(Source records)
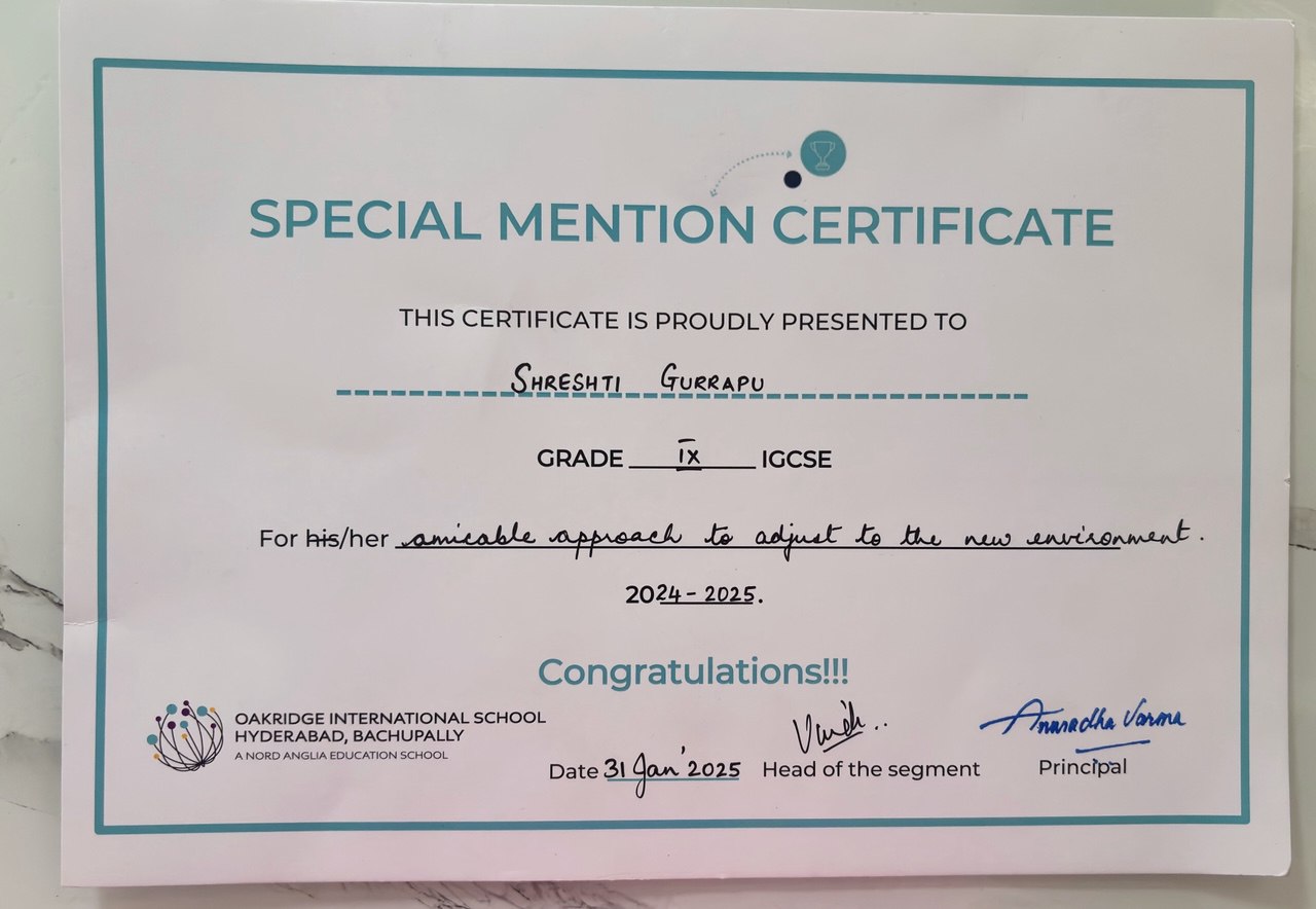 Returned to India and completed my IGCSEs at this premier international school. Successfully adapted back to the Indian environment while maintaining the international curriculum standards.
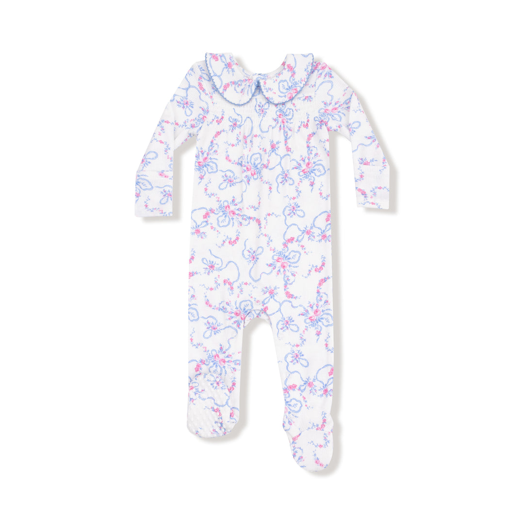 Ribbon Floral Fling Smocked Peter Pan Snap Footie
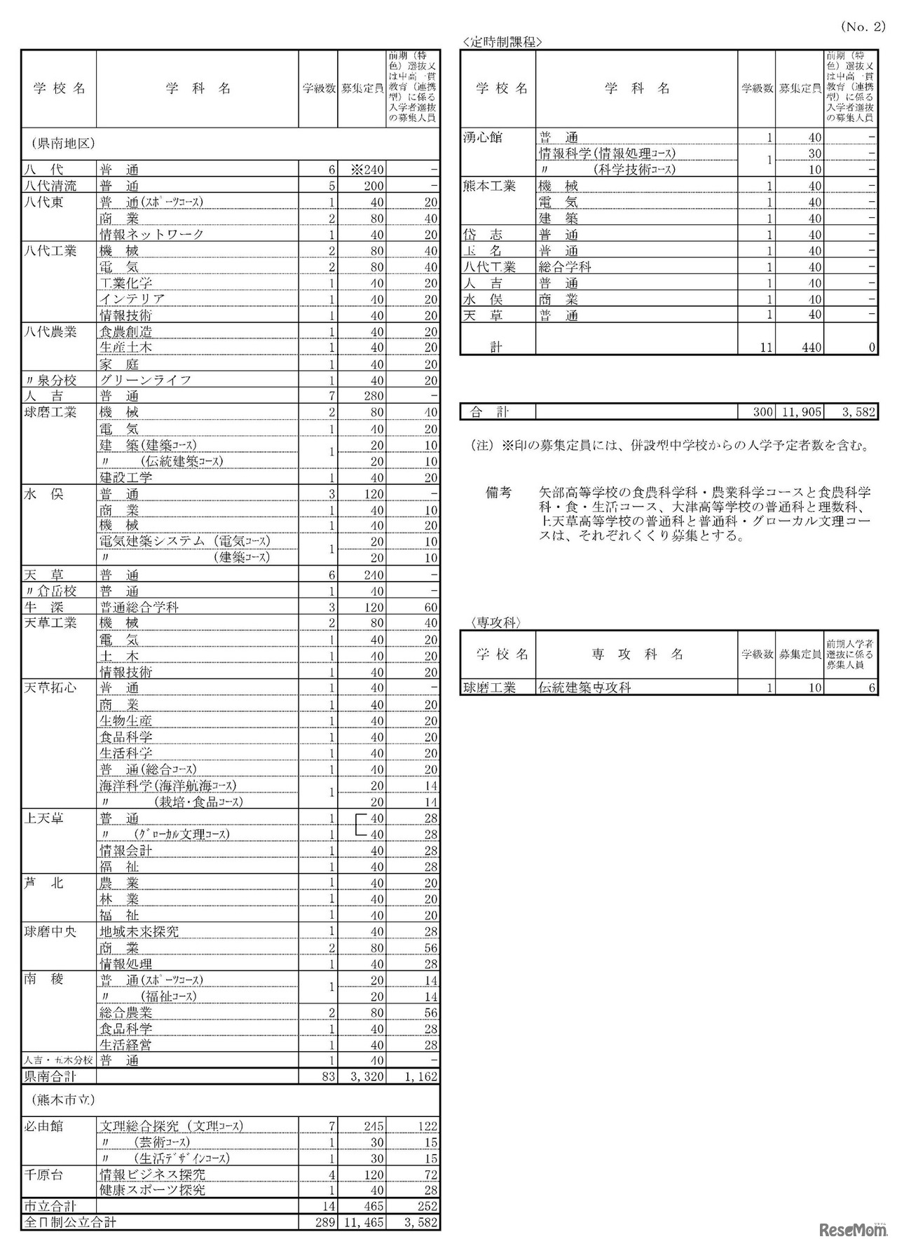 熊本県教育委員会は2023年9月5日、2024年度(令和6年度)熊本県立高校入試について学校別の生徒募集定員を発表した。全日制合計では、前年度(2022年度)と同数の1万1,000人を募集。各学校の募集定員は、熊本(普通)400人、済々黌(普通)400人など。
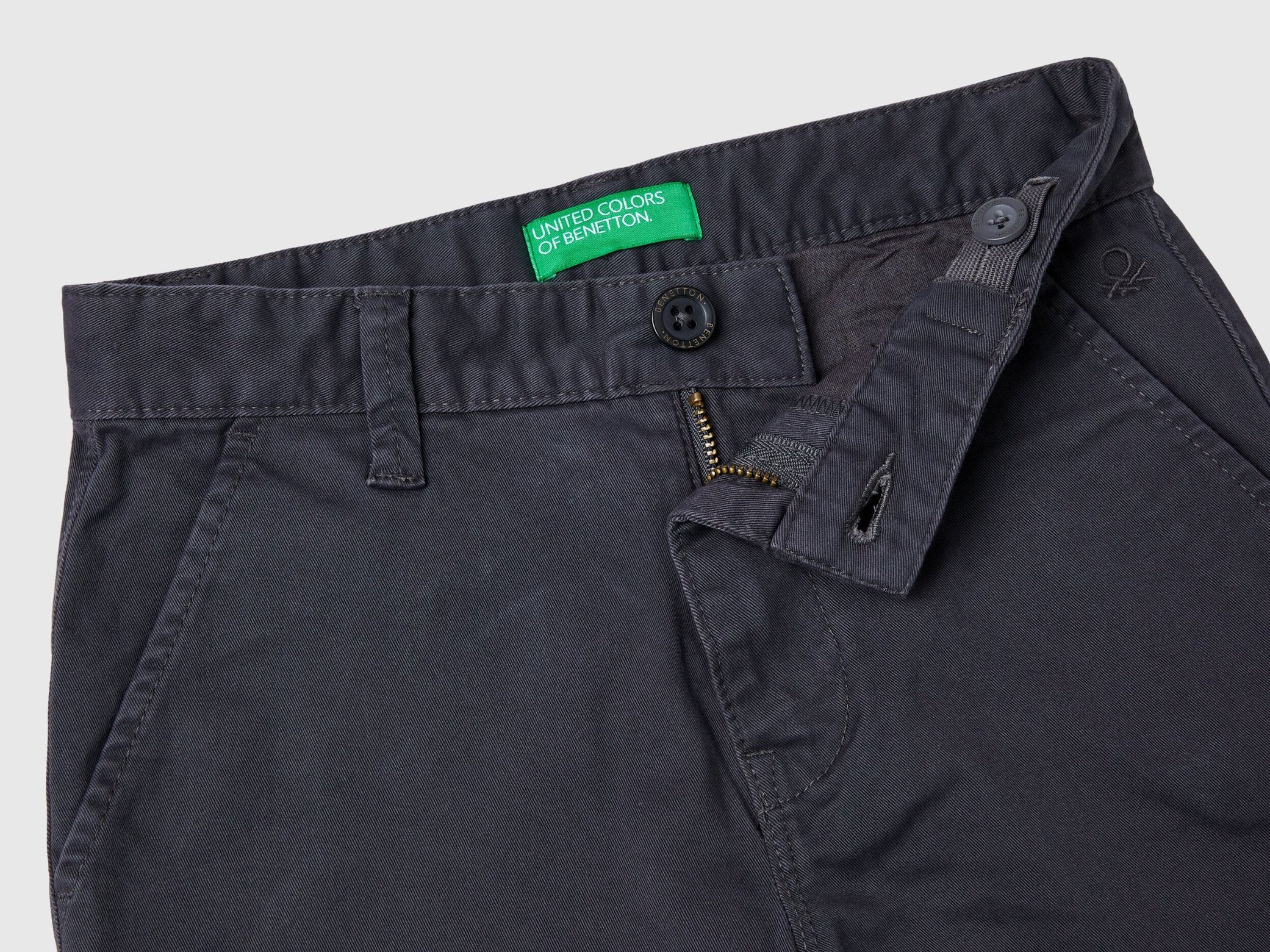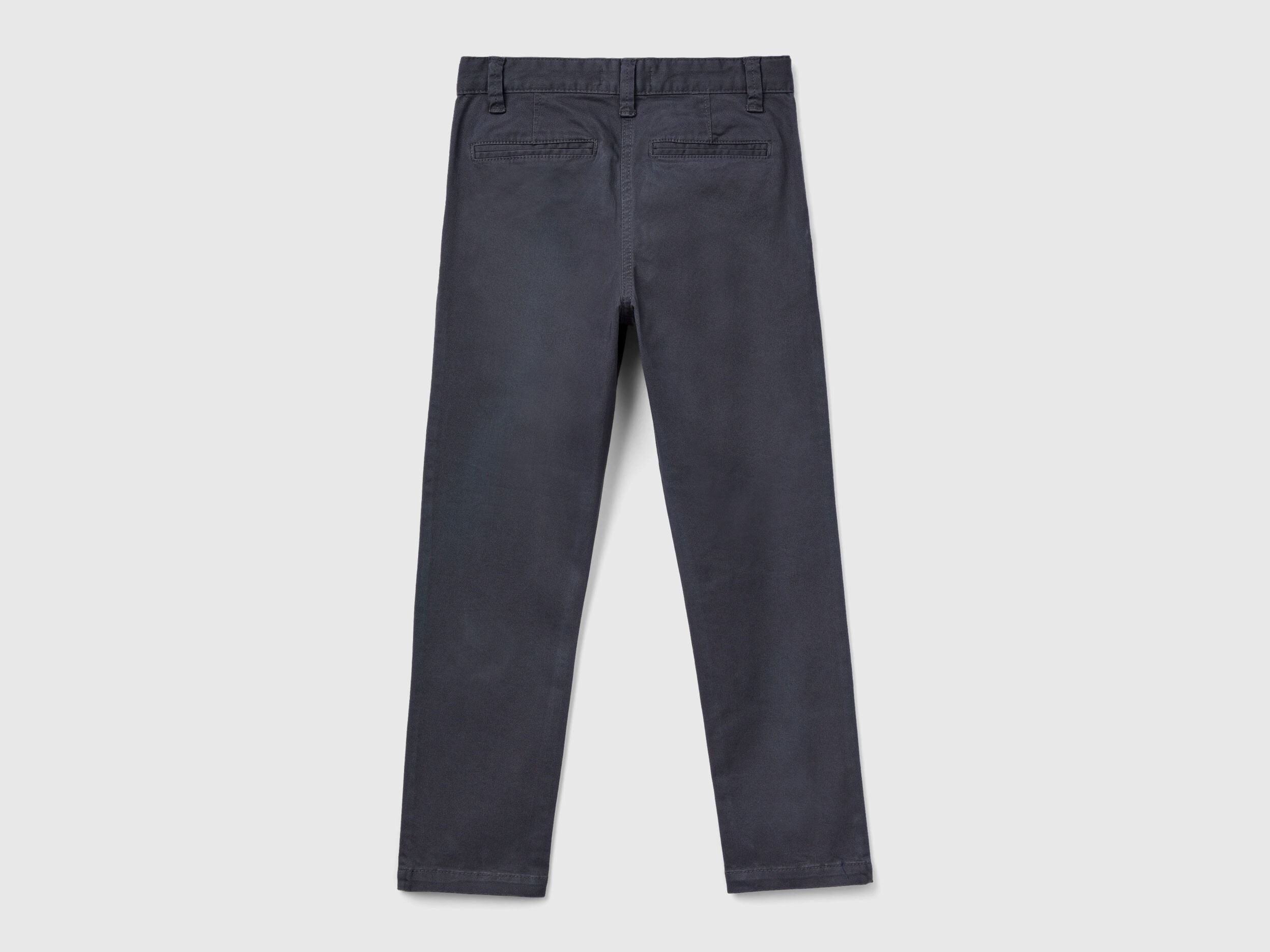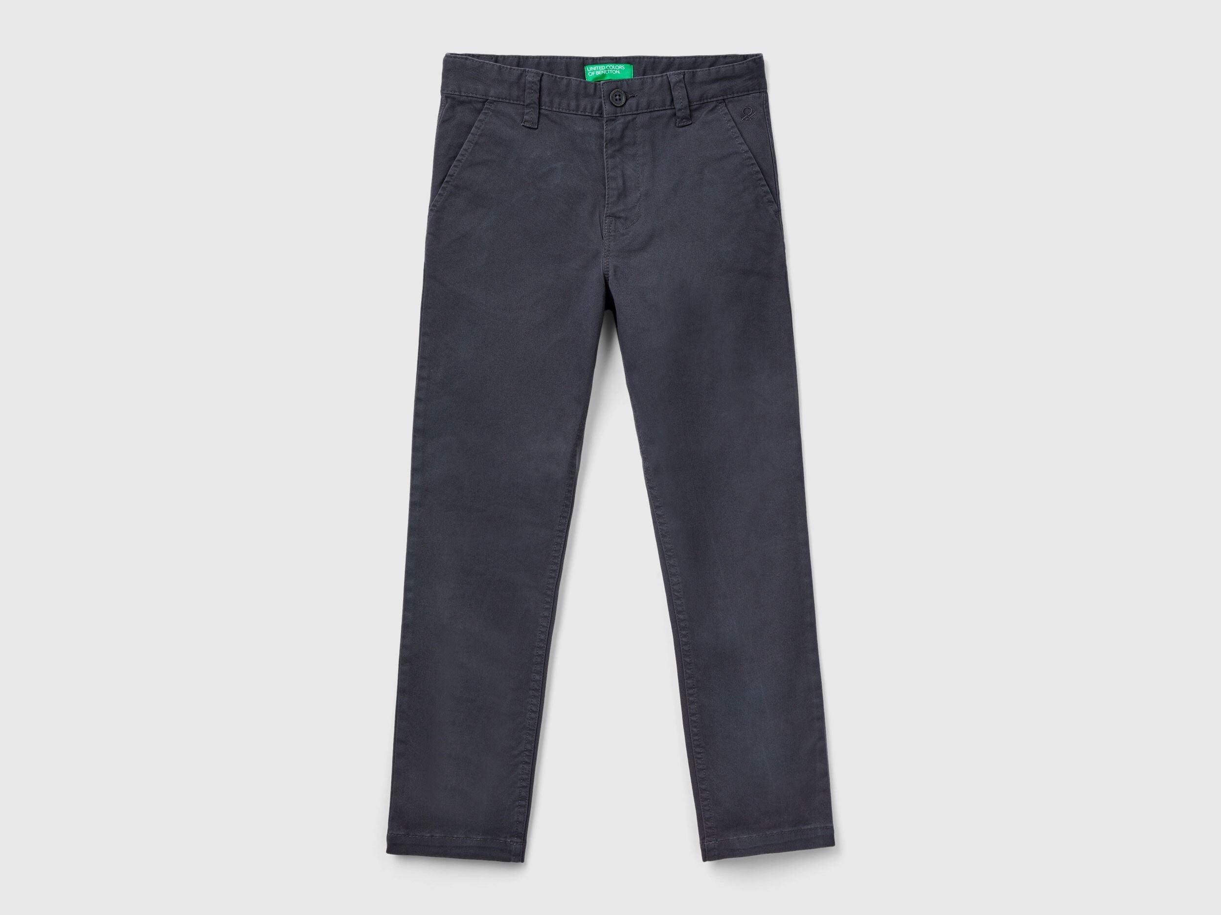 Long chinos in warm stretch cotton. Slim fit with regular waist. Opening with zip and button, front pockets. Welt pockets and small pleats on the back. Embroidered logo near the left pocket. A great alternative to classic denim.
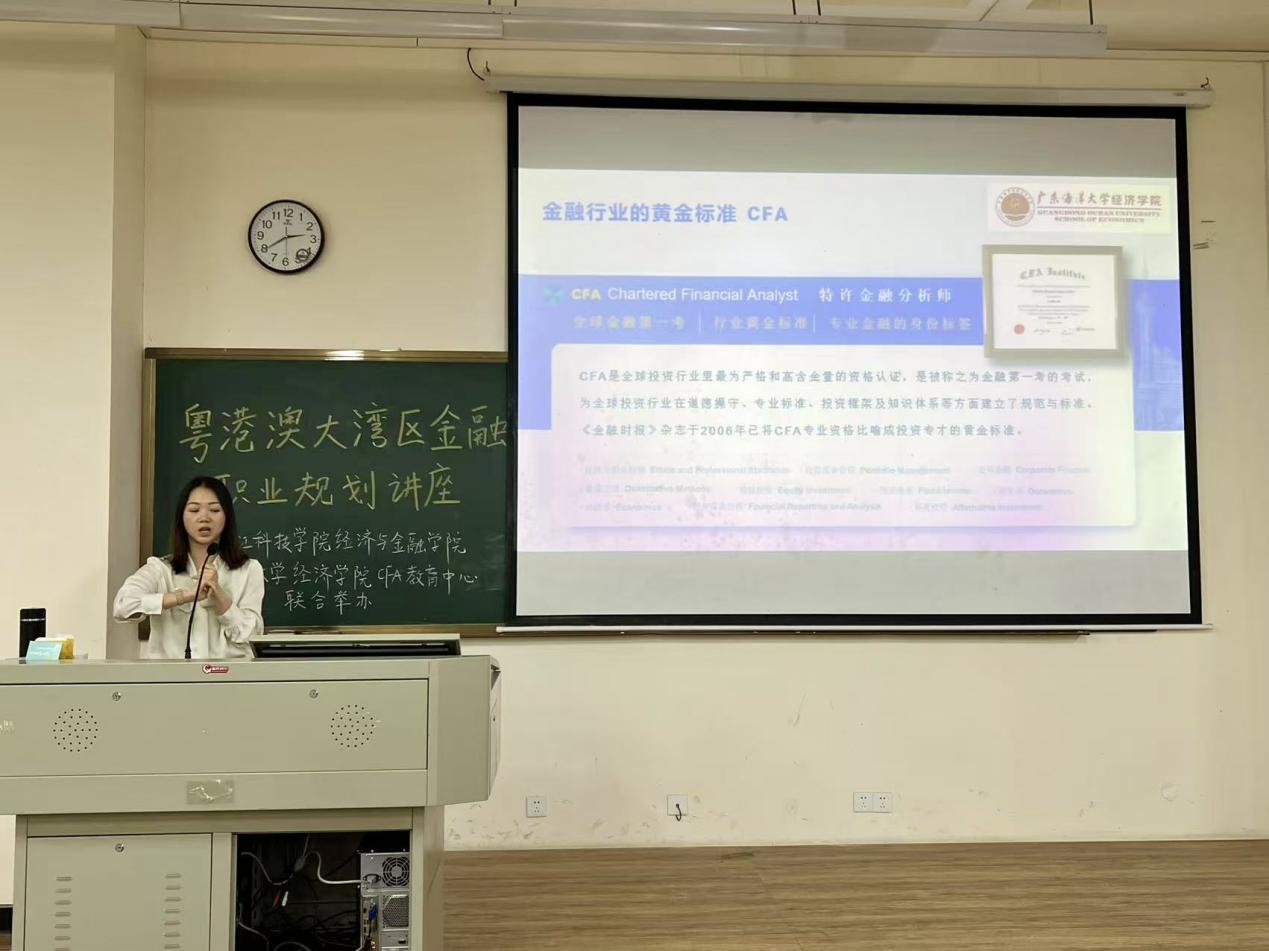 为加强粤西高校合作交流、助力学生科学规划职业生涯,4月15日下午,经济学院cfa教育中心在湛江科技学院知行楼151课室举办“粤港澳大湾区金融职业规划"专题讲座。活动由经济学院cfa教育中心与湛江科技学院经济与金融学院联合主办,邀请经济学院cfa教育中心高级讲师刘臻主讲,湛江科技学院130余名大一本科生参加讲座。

**WORK TO BE COMPLETED:** For this exercise, reproduce the data above exactly from the line containing "Ribbon Floral Fling" through its final line, both ends included, with no pictures in the copy.

**ANSWER TO THIS PROBLEM:**
 Ribbon Floral Fling Smocked Peter Pan Snap Footie
 熊本県教育委員会は2023年9月5日、2024年度(令和6年度)熊本県立高校入試について学校別の生徒募集定員を発表した。全日制合計では、前年度(2022年度)と同数の1万1,000人を募集。各学校の募集定員は、熊本(普通)400人、済々黌(普通)400人など。
 Long chinos in warm stretch cotton. Slim fit with regular waist. Opening with zip and button, front pockets. Welt pockets and small pleats on the back. Embroidered logo near the left pocket. A great alternative to classic denim.
 为加强粤西高校合作交流、助力学生科学规划职业生涯,4月15日下午,经济学院cfa教育中心在湛江科技学院知行楼151课室举办“粤港澳大湾区金融职业规划"专题讲座。活动由经济学院cfa教育中心与湛江科技学院经济与金融学院联合主办,邀请经济学院cfa教育中心高级讲师刘臻主讲,湛江科技学院130余名大一本科生参加讲座。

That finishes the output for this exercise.